Ruven bites his lower lip, clenching his fists. Pull yourself together, Ruven. Now's not the time.
He tries to focus on something other than the memory of his sister's body.
Lil Buddy looks concerned, which is a little strange for a cat. ...we should rejoin the rest of the party. I don't like this.
As Lil Buddy says that, Ruven hears Windsor's voice ring out over the cavern. “Delta, are you seeing this shit?”
The spindly sculk beast turns around slowly with a low, chittering, creaking noise. Ruven remembers the sounds he heard in his dream, ears twitching as he freezes up. His hand tightens around his wand.
Darkness descends upon the party. Ruven is once again reminded of his dream as the rest of the party yelps in shock. Even with his darkvision, Ruven can't see through– magical darkness, then.
He feels his breathing begin to pick up as his chest tightens. He's always hated the dark and it's all-encompassing nature. His darkvision made it easier to ignore his fear, but he can't do anything against magical darkness.
A low rumble emanates from the creature. Ruven can't move as it builds and builds in intensity, into a terrible otherworldly scream.
The only thing that Ruven can see through the darkness is a neon teal beam of concentrated energy as it pierces through his chest and shatters his eardrums simultaneously.

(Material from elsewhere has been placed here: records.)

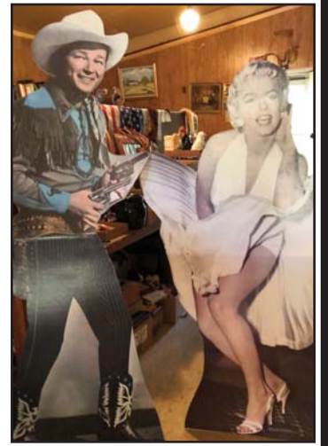
STAND-UPS Marilyn Monroe Roy Rogers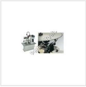
Saw Sharpening Machines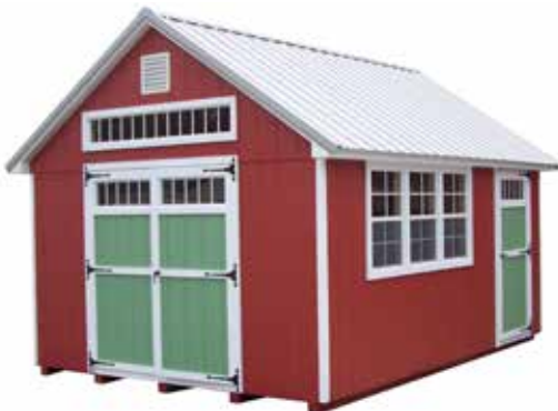
Window Transom 10"x72"

For a moment as he stumbles back, Ruven is in more pain than he thought was possible.He chokes on the blood bubbling up in his mouth as he raises a hand to his chest. There's a bloody hole where his skin should be, and the only mercy Ruven is given is dying before he can feel the full extent of his agonizing death.
And then...
Then...
He's floating.
Floating? How strange. He didn't... he didn't know he had Levitate.
He can't hear the rest of the party. Shouldn't they be fighting? What was happening? Did the creature manage to deafen him as well?
He can't feel his body.
Why...?
Why can't he feel his body? Where is everyone? Why can't he move?!
All his senses come back in an instant.
“What...?” He manages to get out, his entire body screaming in agony as he tries to move.
Dragon's face lights up with relief. “You're okay! Were you... were you dead?”
Ruven blinks. “Uhhh... I think so? Maybe? Yeah…” He suppresses a shudder. So that was death...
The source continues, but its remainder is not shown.